→ **DATA FOR THIS EXERCISE**
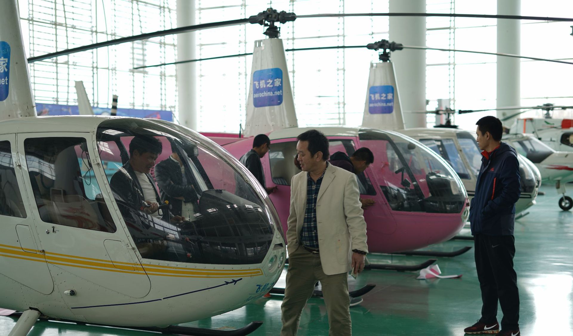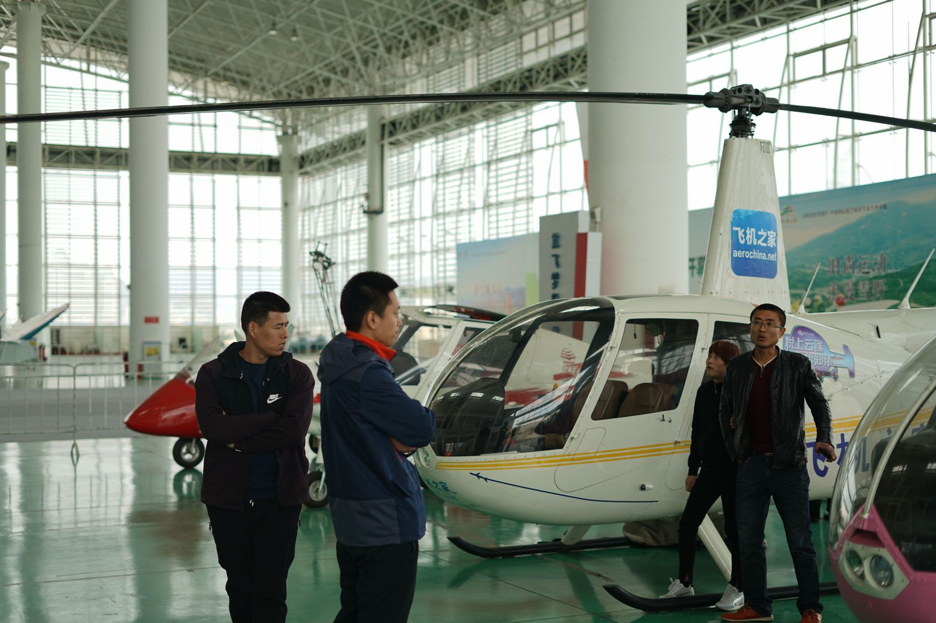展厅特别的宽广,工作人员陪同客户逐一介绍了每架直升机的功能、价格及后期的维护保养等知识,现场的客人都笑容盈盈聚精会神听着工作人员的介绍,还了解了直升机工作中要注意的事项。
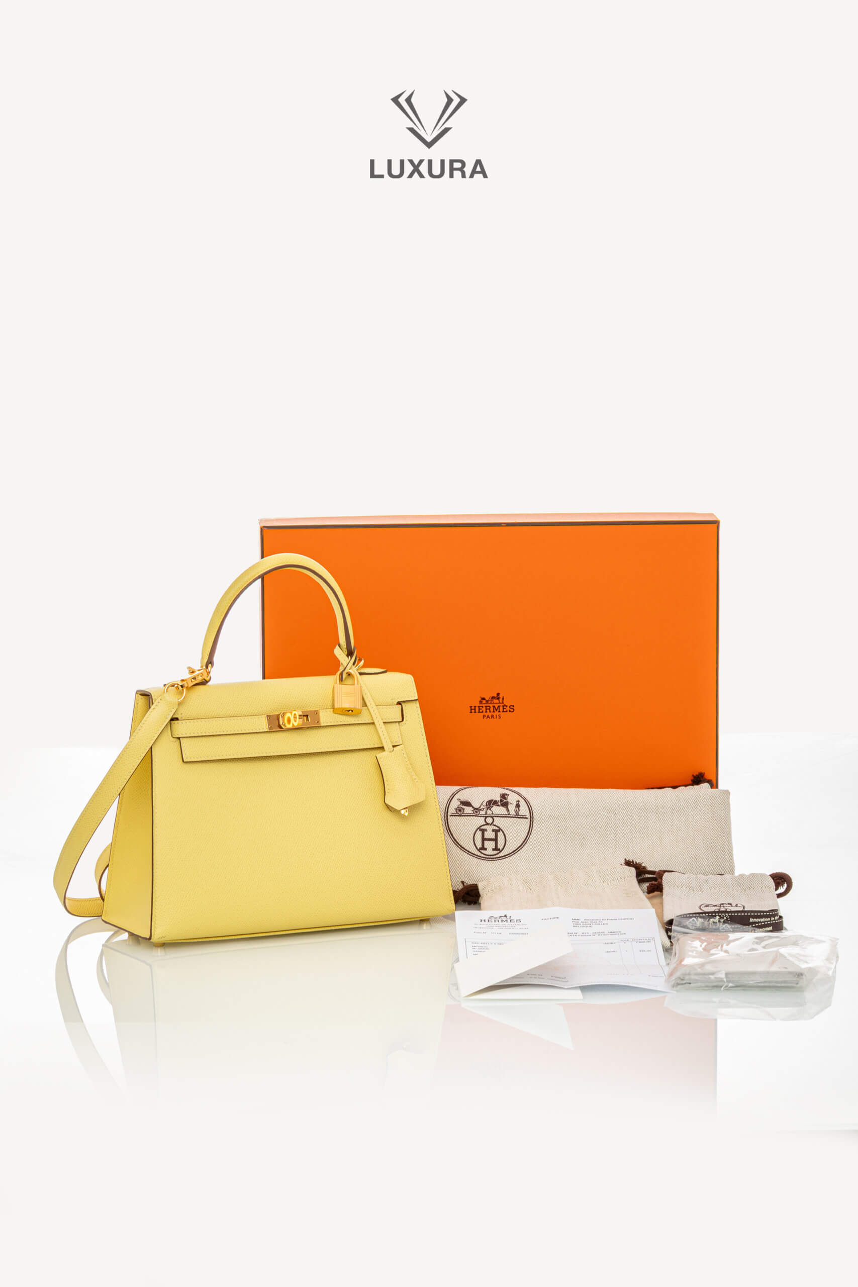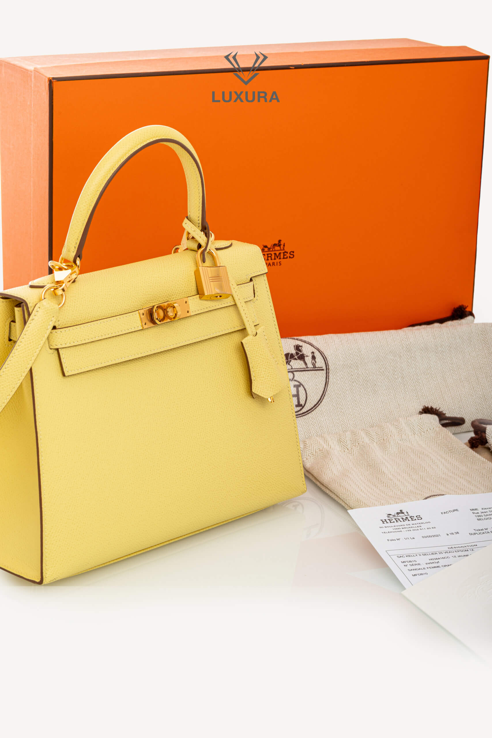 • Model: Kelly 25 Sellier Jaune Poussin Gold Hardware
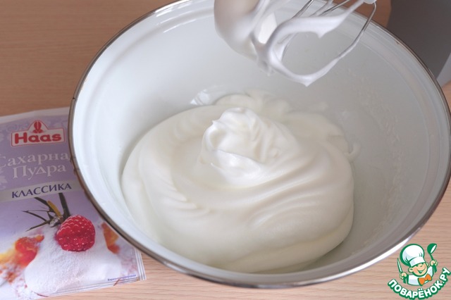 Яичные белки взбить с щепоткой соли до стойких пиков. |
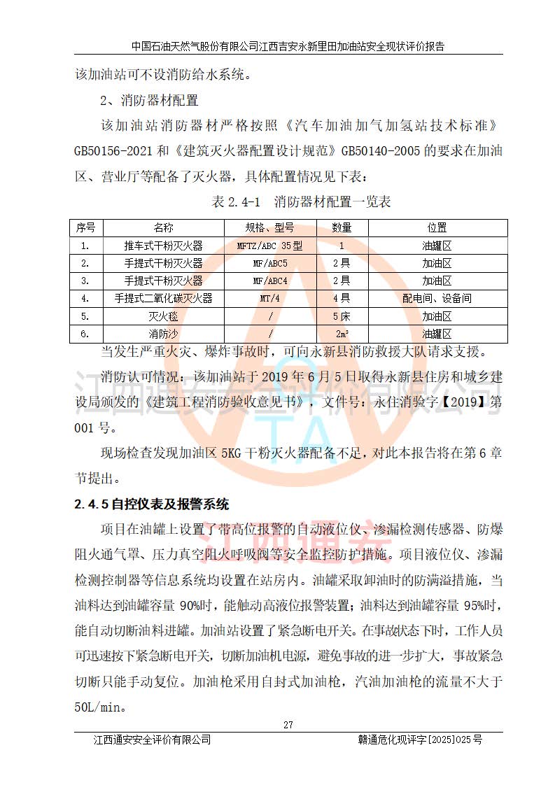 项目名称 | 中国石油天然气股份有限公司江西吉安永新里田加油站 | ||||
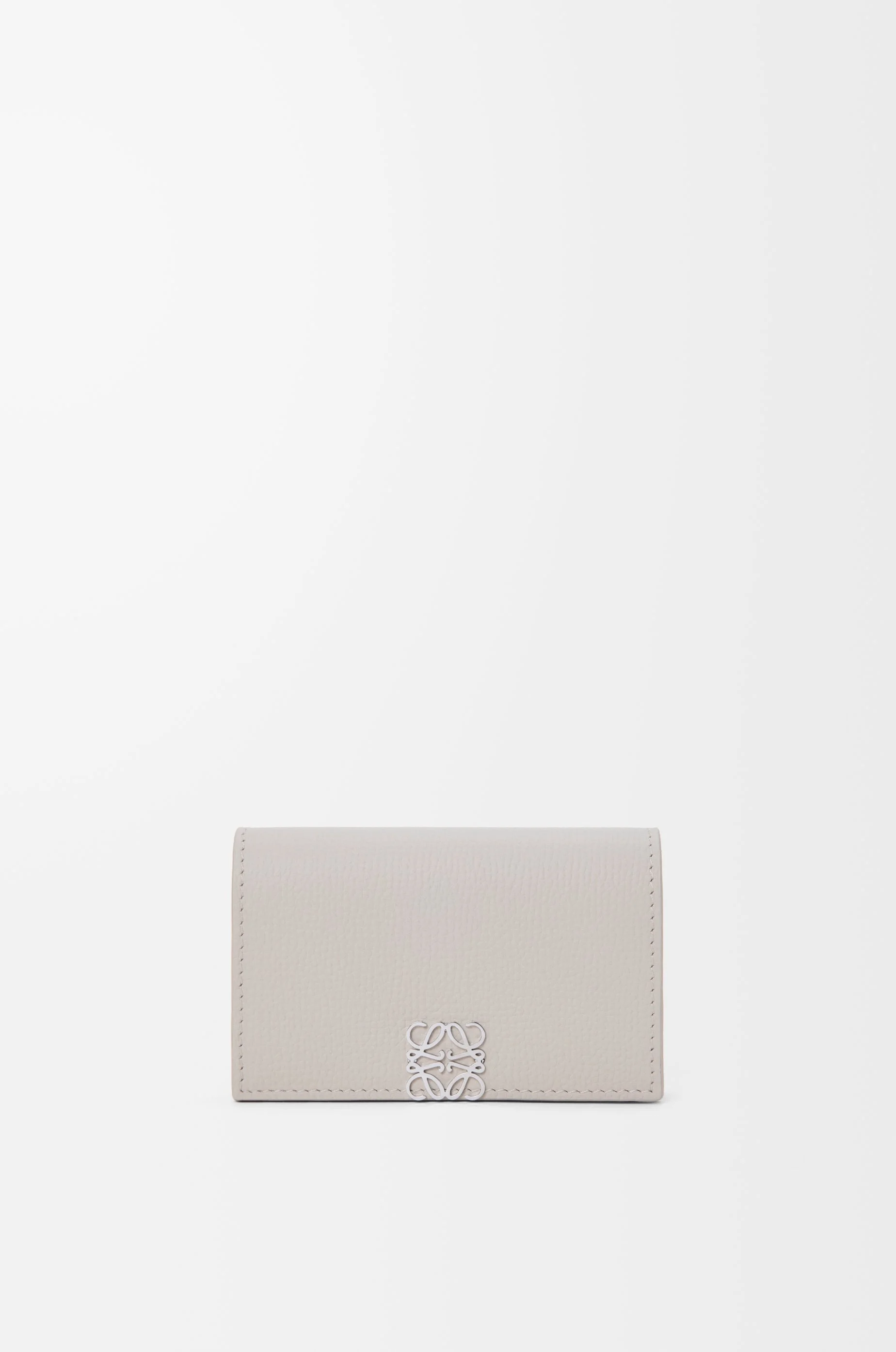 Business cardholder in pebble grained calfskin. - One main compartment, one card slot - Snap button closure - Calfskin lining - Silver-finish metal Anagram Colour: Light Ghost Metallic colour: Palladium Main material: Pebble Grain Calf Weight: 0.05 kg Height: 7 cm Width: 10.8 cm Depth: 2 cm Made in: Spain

* * *

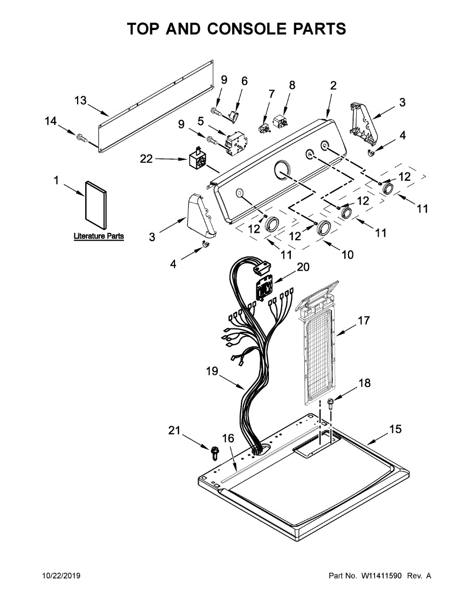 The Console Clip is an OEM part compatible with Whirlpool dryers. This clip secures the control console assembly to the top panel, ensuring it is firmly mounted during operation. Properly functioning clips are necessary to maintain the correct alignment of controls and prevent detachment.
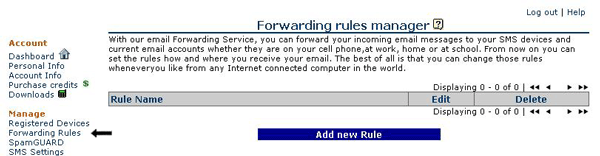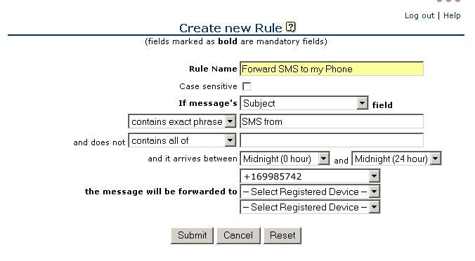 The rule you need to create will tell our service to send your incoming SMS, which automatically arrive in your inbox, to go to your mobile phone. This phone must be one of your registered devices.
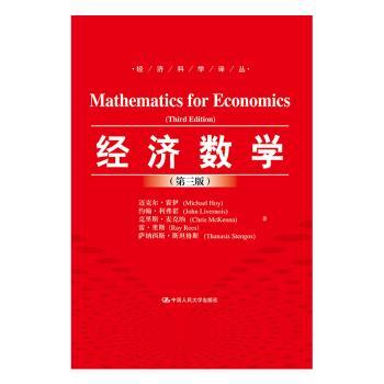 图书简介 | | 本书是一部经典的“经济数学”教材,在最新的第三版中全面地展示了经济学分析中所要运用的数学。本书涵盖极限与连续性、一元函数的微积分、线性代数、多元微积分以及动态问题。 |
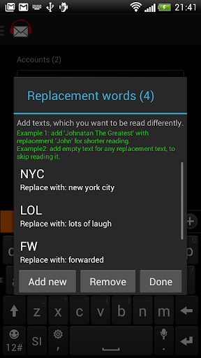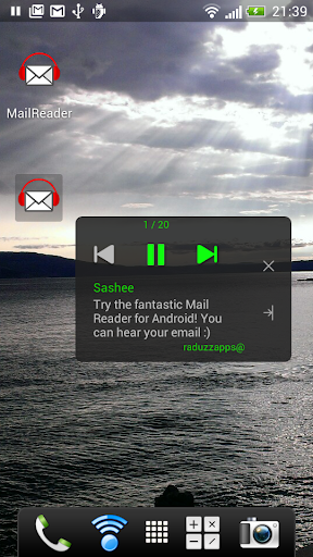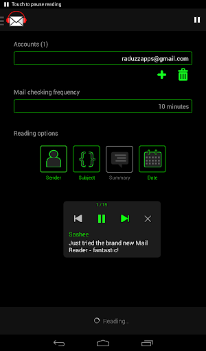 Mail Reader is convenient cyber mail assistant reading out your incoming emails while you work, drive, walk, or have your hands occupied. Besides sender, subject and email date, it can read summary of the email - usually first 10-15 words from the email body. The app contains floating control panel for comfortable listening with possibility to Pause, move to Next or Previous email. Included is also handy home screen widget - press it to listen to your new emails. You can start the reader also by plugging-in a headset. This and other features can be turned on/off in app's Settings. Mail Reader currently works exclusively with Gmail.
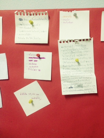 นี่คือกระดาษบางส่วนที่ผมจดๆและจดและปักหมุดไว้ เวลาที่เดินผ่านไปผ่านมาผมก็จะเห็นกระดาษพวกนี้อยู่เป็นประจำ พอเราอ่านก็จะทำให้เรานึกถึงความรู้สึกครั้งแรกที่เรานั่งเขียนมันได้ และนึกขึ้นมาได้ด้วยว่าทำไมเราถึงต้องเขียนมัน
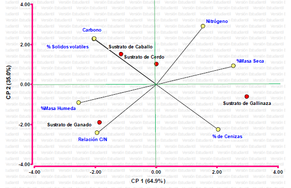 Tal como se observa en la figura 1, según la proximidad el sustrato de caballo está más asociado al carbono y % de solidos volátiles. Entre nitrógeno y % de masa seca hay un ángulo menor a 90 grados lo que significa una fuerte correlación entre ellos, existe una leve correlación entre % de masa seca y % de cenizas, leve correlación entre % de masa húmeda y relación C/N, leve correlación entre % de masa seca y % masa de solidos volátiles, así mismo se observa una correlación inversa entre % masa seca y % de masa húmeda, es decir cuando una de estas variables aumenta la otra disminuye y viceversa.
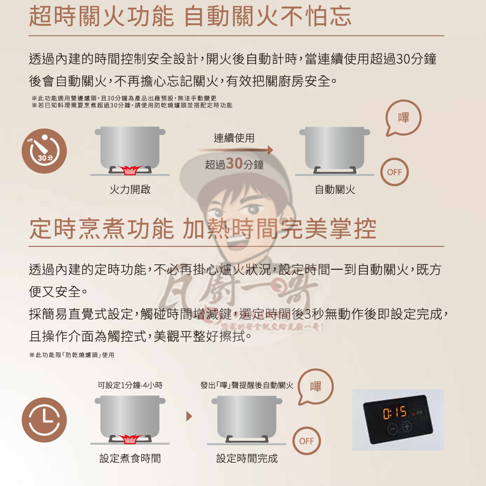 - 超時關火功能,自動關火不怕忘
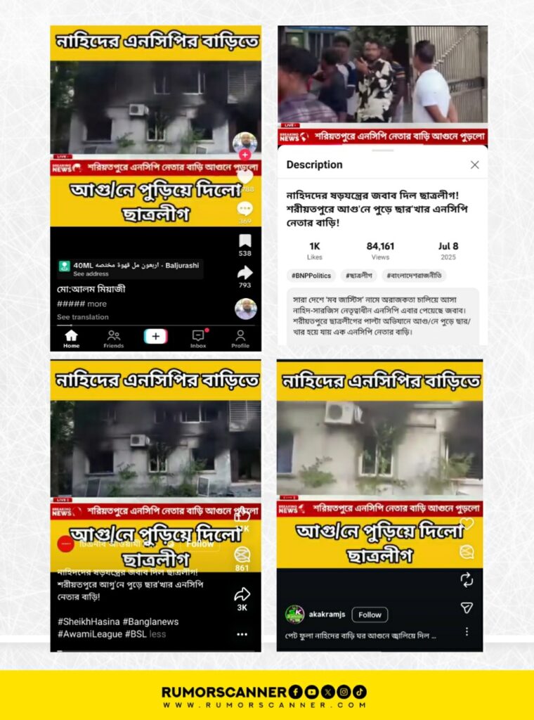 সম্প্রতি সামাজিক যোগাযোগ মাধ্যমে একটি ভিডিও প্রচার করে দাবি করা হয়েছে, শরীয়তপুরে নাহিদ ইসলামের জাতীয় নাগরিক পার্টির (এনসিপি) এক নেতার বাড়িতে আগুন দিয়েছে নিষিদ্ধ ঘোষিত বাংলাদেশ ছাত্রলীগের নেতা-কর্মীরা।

==

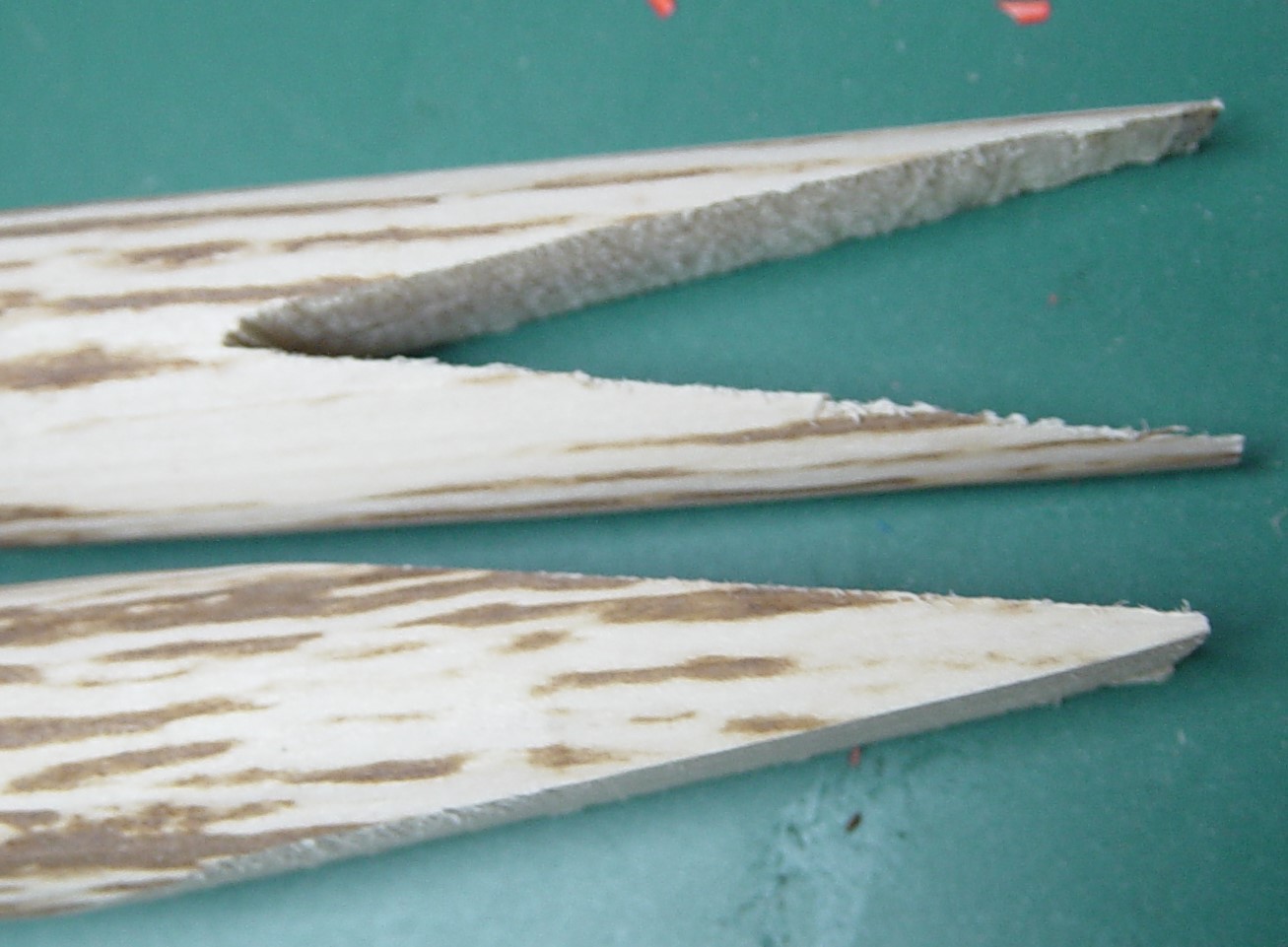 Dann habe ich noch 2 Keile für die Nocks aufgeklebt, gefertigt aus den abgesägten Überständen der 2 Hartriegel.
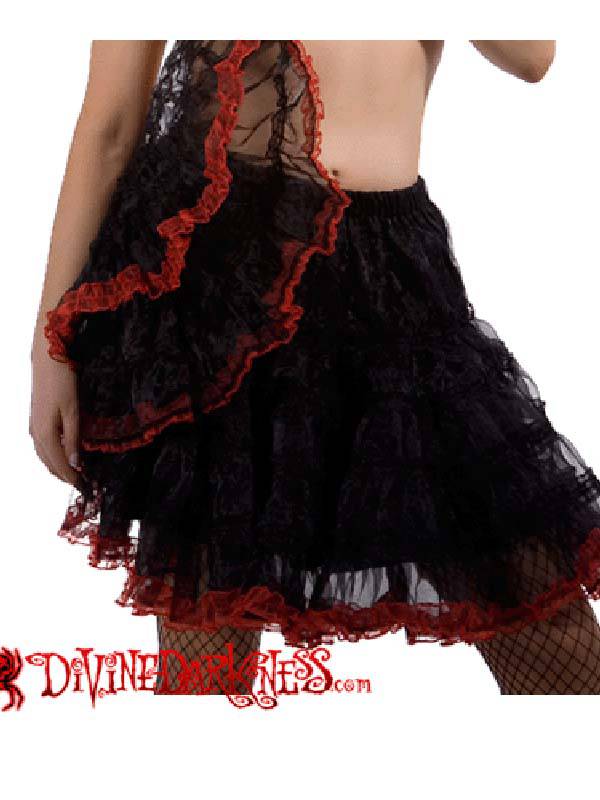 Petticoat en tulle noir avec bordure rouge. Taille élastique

→ **ASSIGNMENT**
Nothing but the lines from the one with "项目名称 | 中国石油天然气股份有限公司江西吉安永新里田加油站 | ||||" to the one with "Business cardholder in" above, both included, should be transcribed, exactly and without pictures.

→ **EXPECTED ANSWER**
 项目名称 | 中国石油天然气股份有限公司江西吉安永新里田加油站 | ||||
 Business cardholder in pebble grained calfskin. - One main compartment, one card slot - Snap button closure - Calfskin lining - Silver-finish metal Anagram Colour: Light Ghost Metallic colour: Palladium Main material: Pebble Grain Calf Weight: 0.05 kg Height: 7 cm Width: 10.8 cm Depth: 2 cm Made in: Spain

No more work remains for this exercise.